In the present study, mean value of a large data matrix, obtained during 4-year (2007 to 2010) monitoring program is subjected to different multivariate statistical techniques to extract information about the similarities or dissimilarities between sampling sites, identification of water quality variables responsible for spatial and temporal variations in nutrient and organic loadings in the Mahanadi river basin. The specific objectives are to
i) Identify several zones with different water quality.
ii) Extract the parameters that are responsible for nutrient and organic loadings in the river system.

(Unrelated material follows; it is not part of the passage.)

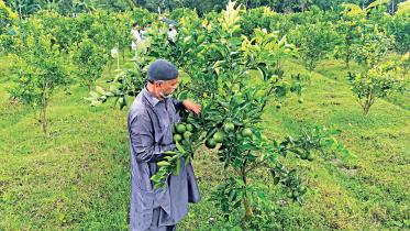 Former expat Habibur Rahman Matubbar, a resident of Kewabunya village under Amtali upazila in Barguna, has been enjoying great success in cultivating malta on his 15 bighas of land for the past seven years or so.

iii) Generate a good approach to assess the water quality reasonably that can be helpful to the managers to take the valuable measures to manage the water resource effectively.
2. STUDY SITES:
The Mahanadi river system is the third largest in the peninsula of India and the largest river in Orissa state. The basin extends over an area approximately 141,600 km2 out of which 65,628 km2 lies in Odisha occupying 42.15% of the state geographical area. Out of its total length of 851 km it covers 491 km in the state of Odisha with a peak discharge of 44,740 m3/s (Konhauser et al.1997). The geographical co-ordinates of Mahanadi basin (figure-1) lying in Odisha lies between 82010' to 86050' East longitudes and 19030' to 22015' North latitudes. River Mahanadi originates from a small pool located at about 6 km from Pharsiya village in the Amarkantak hills of Bastar Plateau, which lies on the extreme south east of Raipur district of Chhattisgarh state. Ib, Ong, Tel are the main tributaries while Kathajodi , Kuakhai, Devi, and Birupa are the major distributaries of Mahanadi in Odisha. It flows over different geological formations of Eastern Ghats and adjacent areas and joins the Bay of Bengal at Paradip after dividing into different branches in the deltaic area. Along it’s course the Mahanadi receives untreated or partially treated effluents from various large and small scale industries as listed in Table-1 and urban centres such as Sambalpur, Jagatpur and Paradip in Odisha (Radhakrishna 2001).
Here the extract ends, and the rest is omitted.